When Blue Shield of California started its focused effort to build innovation capability across the organization, we talked to many companies that created similar groups within their organization. While this was not a new practice for me, it was a new concept for our 81-year-old nonprofit health plan, and we were mining for ideas that would equip our colleagues to innovate effectively—we sometimes refer to this as “teaching them to fish.” One of these organizations was St. Jude Children’s Research Hospital and their fundraising and awareness wing – American Lebanese Syrian Associated Charities (ALSAC).

ALSAC was developed in 1957 by Danny Thomas even before St. Jude had opened its first hospital, which occurred five years later in Memphis, Tenn. This was because St. Jude’s mission is to ensure that no child is denied treatment based on race, religion, or a family’s ability to pay, so they needed a robust fundraising plan. Today, it costs $2.8 million a day to provide care and conduct research focused on catastrophic diseases in children, particularly leukemia and cancer.

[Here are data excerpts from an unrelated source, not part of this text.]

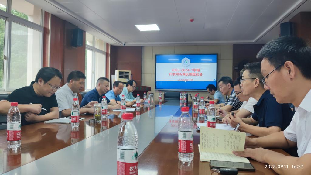 新学期开学听课反馈座谈会在工程楼A201会议室举行。学校副校长王建鸿,职能部门相关领导、学院领导、系主任以及被听课教师等近四十人参加了座谈会。会议由学院党委书记明庭庆主持。
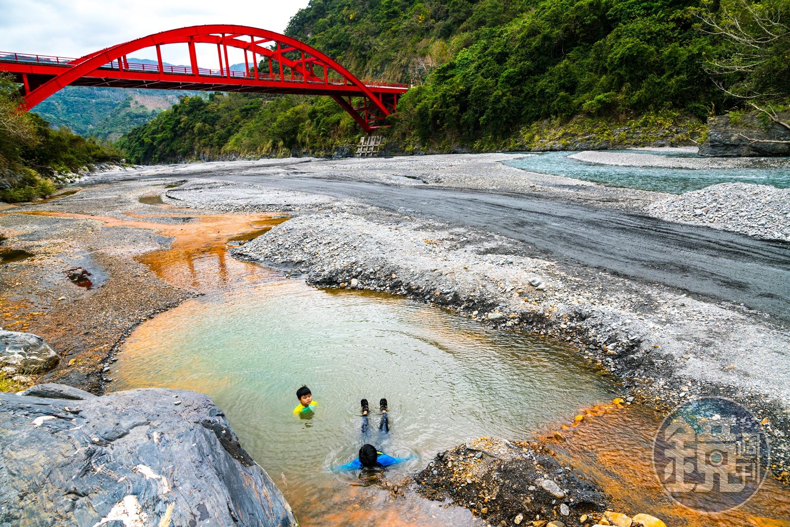 入口就位在紅葉國小下方的溪床上,只要走下樓梯,不到1分鐘的時間便到了,很難相信野溪溫泉如此容易到達,此處為溪底間歇泉,屬弱鹼性碳酸氫納泉,由於含有鐵質,溪床的石頭呈現橘紅色彩,有著大小不同的泉池,水溫也不盡相同,野外泡湯的好處是視野中只有群山的自然視野,沒有鋼筋水的屋舍,有著人與自然融為一體之感。
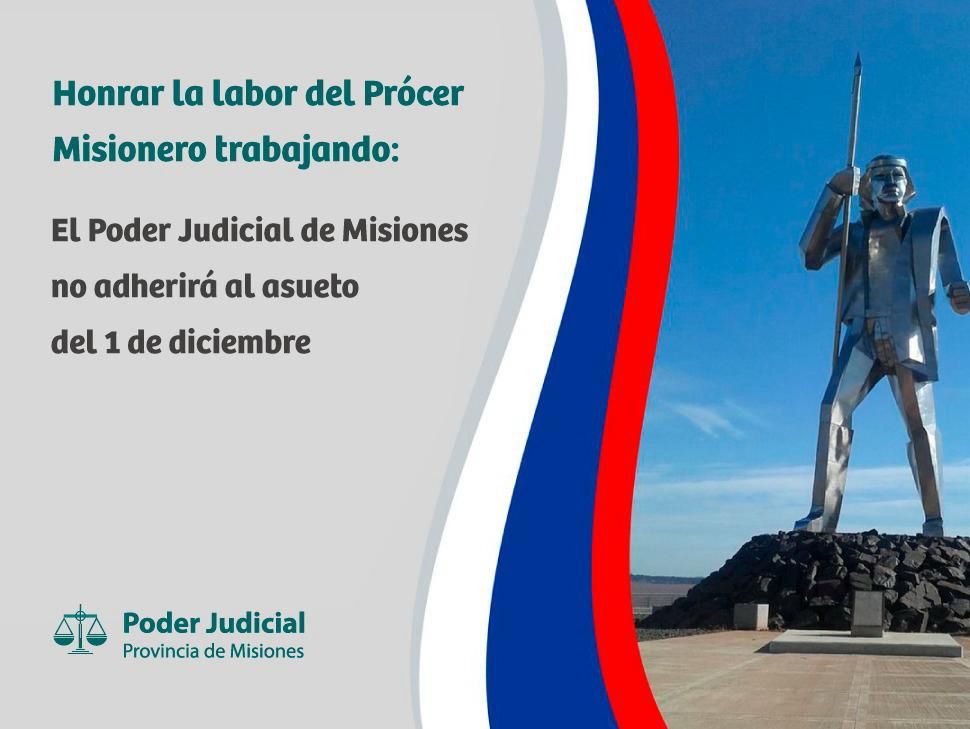 Honrar la labor del Prócer Misionero trabajando: El Poder Judicial de Misiones no adherirá al asueto del 1 de diciembre

Like Blue Shield, St. Jude is not driven to do work for a shareholder audience. Instead, they’re working towards aiding the 8,500 children they treat each year. So, their 14-person innovation team, which was created in 2016 and has a transformation plan that spans until 2030, has been able to provide many capabilities and tools to guide colleagues in order to accomplish their enterprise innovation goals.
It’s that transformation work that I was looking forward to discuss on stage at SXSW 2020 with Jay Jump, Executive Director of Business Transformation & Innovation at ALSAC, until the event was cancelled due to COVID-19 concerns.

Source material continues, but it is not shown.